(John Kemp is a Reuters market analyst. The views expressed are his own)
By John Kemp
LONDON Jan 10 In a silent revolution, the U.S. power distribution system is undergoing the biggest shake-up since Samuel Insull built the modern electricity industry a century ago.
In the old model, supply passively followed demand, and large amounts of expensive generation and transmission capacity were kept idle much of the year to be available to meet demand at peak times. In its place now, the grid is changing gradually to a more market-based system, in which both supply and demand are expected to adjust to make the most efficient use of generation and transmission assets.
By the end of 2011, 38 million "smart meters" had been installed across the United States, up from just 1 million in 2005, according to a survey by the Federal Energy Regulatory Commission (FERC).
Nationwide nearly 23 percent of electric customers now have a smart meter, a figure that rises to more than half in Idaho, Georgia, Arizona, Nevada, Alabama and Delaware and to as much as 70 percent in California.

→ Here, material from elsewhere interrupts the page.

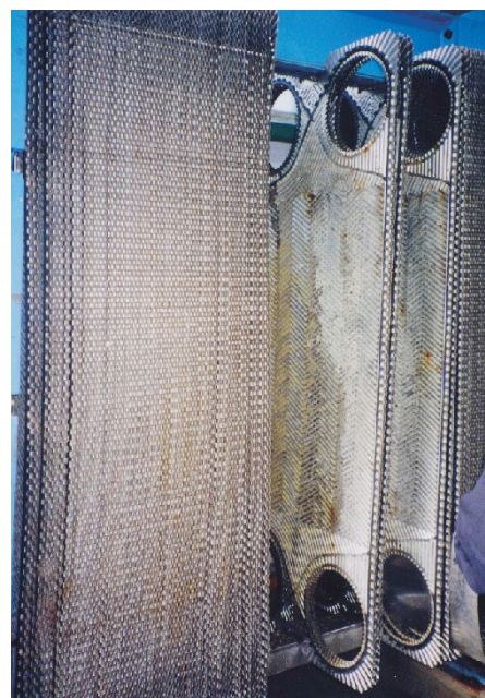
冷却塔蜂窝填充的控制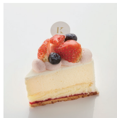
レアチーズケーキ

But in New York, just 0.3 percent of customers have smart meters and only 0.2 percent in New Jersey. The two states had fewer than 50,000 smart meters combined in 2011, according to FERC ("Demand Response and Advanced Metering" Dec 2012).
At a minimum, smart meters record usage at hourly intervals, and provide usage data to both customers and energy companies at least once daily. But more sophisticated versions monitor consumption in real time and have two-way communications capable of recording and transmitting information between the meter and the grid.
Smart meters are intended to support a shift from flat-rate electricity tariffs to time-of-use pricing or even critical peak pricing. Both systems charge customers more, sometimes much more, for electricity at times when the grid is stretched to the limit.
Dynamic pricing helps avoid the need to build extra power plants and transmission lines to deal with just those few hours and days each year when capacity is scarce and encourages customers to shift consumption to less congested periods with cheaper rates.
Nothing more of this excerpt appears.